The implicit purpose of the federal statute is to provide assistance in securing and enforcing adequate child support obligations. The specific words of a statute, no matter how unambiguous they may appear individually, should be construed in view of the context of their use and the legislative purpose of the entire statute. To say otherwise — that the Attorney General may enforce what may be inadequate support obligations but may not seek to make those obligations adequate — undermines the intent of both the state and federal acts to the point of absurdity. This we may not do. Professional Mobile Home Transport v. Railroad Comm’n, 733 S.W.2d 892, 899 (Tex.App.1987, writ ref d n.r.e.).

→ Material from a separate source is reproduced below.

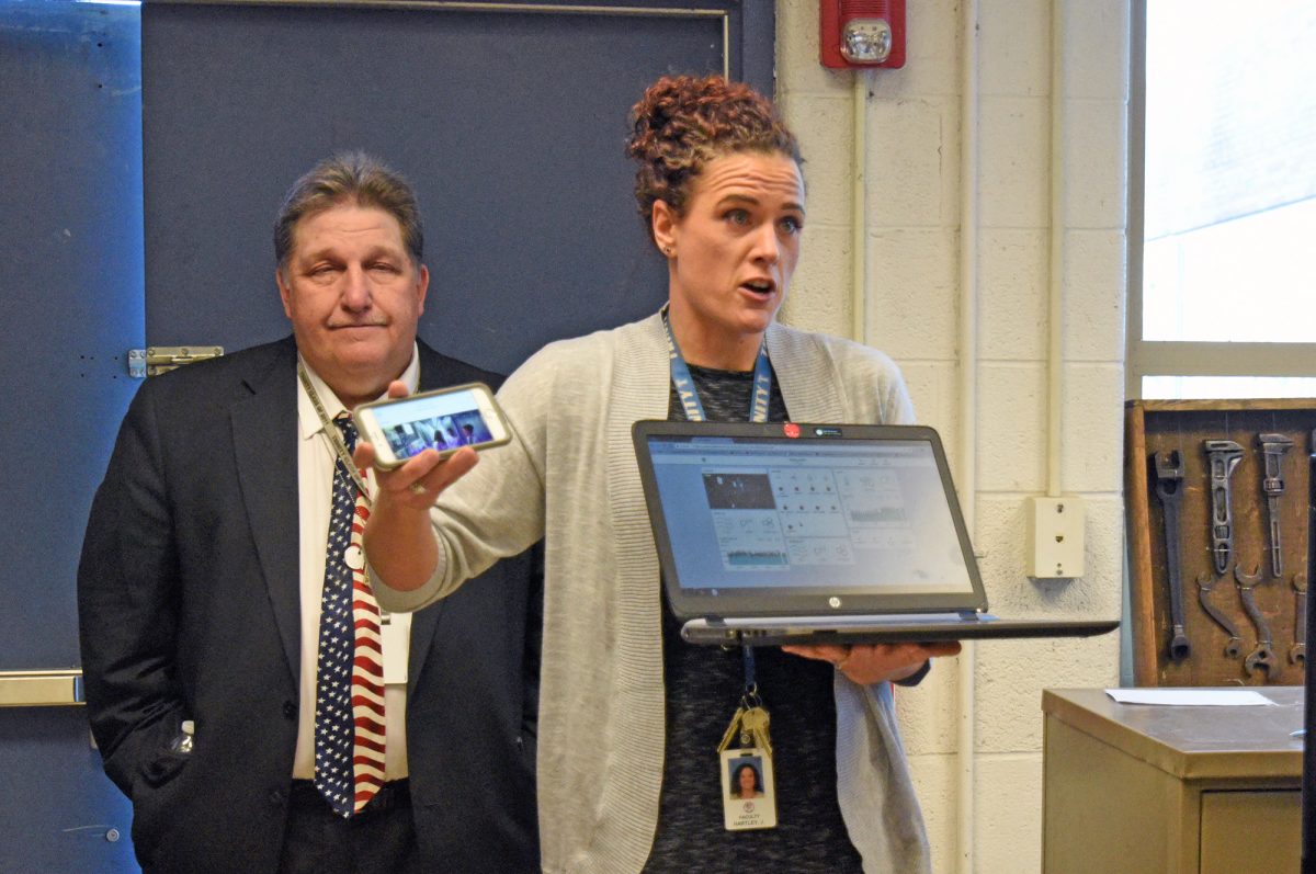 Trinity High School teacher Jeannette Hartley shows how she can access and control the Freight Farm from her phone or a laptop computer.
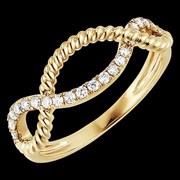 Un Anillo donde se entrelazan dos hilos dorados, oro amarillo y oro amarillo pavimentado con diamantes como un abrazo eterno.

In terms of effectuating the purpose of the state and federal statutes, I see no valid or substantive distinction between seeking to modify what has become —due to changed circumstances — an inadequate support obligation by establishing one which will be adequate, and initially establishing the obligation; nor do I see any distinction between seeking to modify existing inadequate support obligations obtained under the act and those obtained outside it with the assistance of private *945counsel — changed circumstances may render them equally inadequate.

I conclude the State must answer requests for assistance to increase inadequate child support obligations in order to continue participating in the federal Child Support Enforcement Act. Because the Legislature indicated the purpose of enacting § 76.007 of the Human Resources Code was to enable Texas to participate in federal programs, the Attorney General may properly represent Williams in this case.

I would reverse the judgment and remand the cause for trial on the merits.